Artificial intelligence could significantly enhance power systems, according to Priya Donti, assistant professor and the Silverman Family Career Development Professor in MIT’s Department of Electrical Engineering and Computer Science and the Laboratory for Information and Decision Systems. She illustrated how AI can expedite power grid optimization by incorporating physics-based constraints into neural networks, potentially addressing intricate power flow challenges at “10 times, or even greater, velocity compared to traditional models.”
AI is already contributing to carbon emissions reductions, according to examples shared by Antonia Gawel, global director of sustainability and partnerships at Google. Google Maps’ fuel-efficient routing feature has “helped prevent more than 2.9 million metric tons of GHG [greenhouse gas] emissions since its launch, equivalent to removing 650,000 fuel-based vehicles from the road for a year,” she stated. Another Google research initiative employs artificial intelligence to assist pilots in avoiding contrails, which account for about 1 percent of the global warming impact.
AI’s potential to accelerate materials discovery for energy applications was emphasized by Rafael Gómez-Bombarelli, the Paul M. Cook Career Development Associate Professor in the MIT Department of Materials Science and Engineering. “AI-guided models can be trained to transition from structure to property,” he remarked, facilitating the development of materials essential for both computing and efficiency.
Ensuring growth with sustainability
Throughout the symposium, participants grappled with the balance between swift AI deployment and its environmental repercussions. While AI training garners most attention, Dustin Demetriou, senior technical staff member in sustainability and data center innovation at IBM, referenced a World Economic Forum article suggesting that “80 percent of the environmental footprint is estimated to stem from inferencing.” Demetriou underscored the necessity for efficiency across all artificial intelligence applications.
Jevons’ paradox, where “efficiency improvements tend to increase overall resource consumption rather than diminish it,” is another aspect to consider, warned Emma Strubell, the Raj Reddy Assistant Professor in the Language Technologies Institute at Carnegie Mellon University. Strubell advocated for viewing electricity usage in computer centers as a finite resource necessitating judicious allocation across various applications.

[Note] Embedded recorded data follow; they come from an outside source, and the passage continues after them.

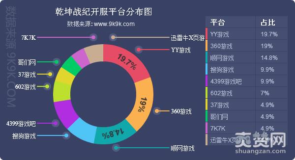 点评: 《乾坤战纪》本周继续维持着良好的发展态势,开服数增涨了5.3%;新增分布占比平台7K7K、迅雷牛X页游。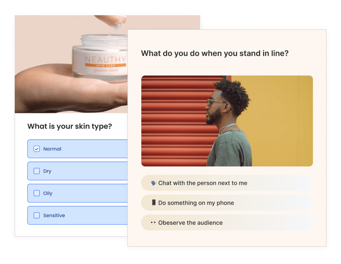 Use images, videos, and GIFs to make your quiz more engaging and help clarify your questions. Visuals allow you to expose potential customers to your brand design, visual language, and flattering images of your products. To help your quiz takers feel more at home and connected with your brand, include images that depict potential members of your target audience (e.g., people of the same age group or ethnicity).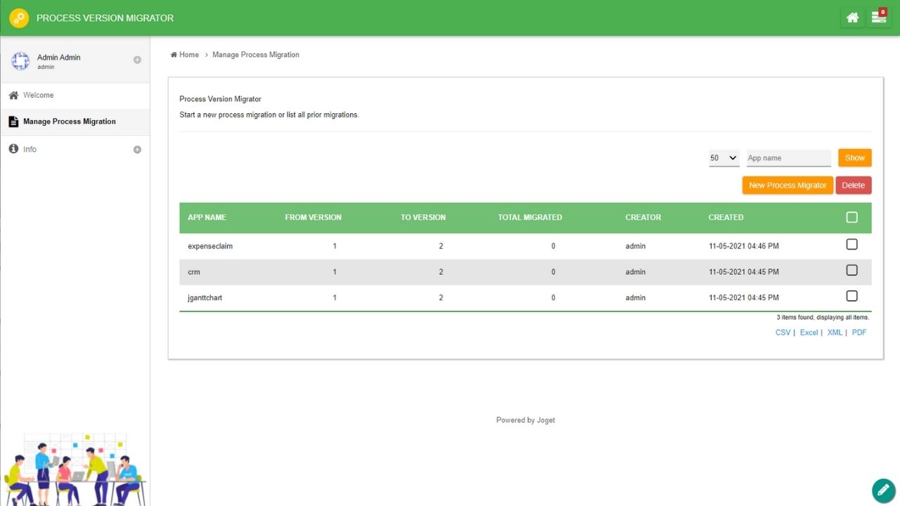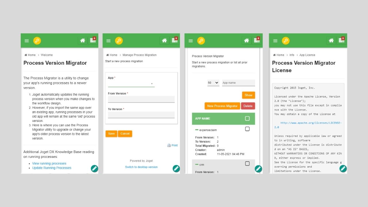 The Joget Process Version Migrator is a utility to change your app's running processes to a newer version.

Several presenters proposed innovative strategies for merging renewable sources with existing grid infrastructure, including potential hybrid solutions that combine clean installations with existing natural gas facilities possessing valuable grid linkages. These strategies could offer substantial clean capacity nationwide at reasonable costs while minimizing reliability challenges.
Navigating the AI-energy conundrum
The symposium underscored MIT’s pivotal role in formulating solutions to the AI-energy challenge.
Green discussed a new MITEI program focused on computing centers, power, and computation that will function alongside the extensive scope of MIT Climate Project research. “We aim to tackle a highly complex issue that spans from power sources to the algorithms that provide value to the customers — in a manner that is acceptable to all stakeholders and effectively addresses all requirements,” Green remarked.
Symposium participants were surveyed about priorities for MIT’s research by Randall Field, MITEI director of research. The immediate results ranked “data center and grid integration issues” as the highest priority, followed by “AI for expedited discovery of advanced materials for energy.”
Additionally, attendees indicated that most view AI’s capability pertaining to energy as a “promise,” rather than a “peril,” although a significant number remain uncertain about its ultimate effects. When asked about priorities in power supply for computing facilities, half of the respondents indicated carbon intensity as their primary concern, with reliability and cost following closely behind.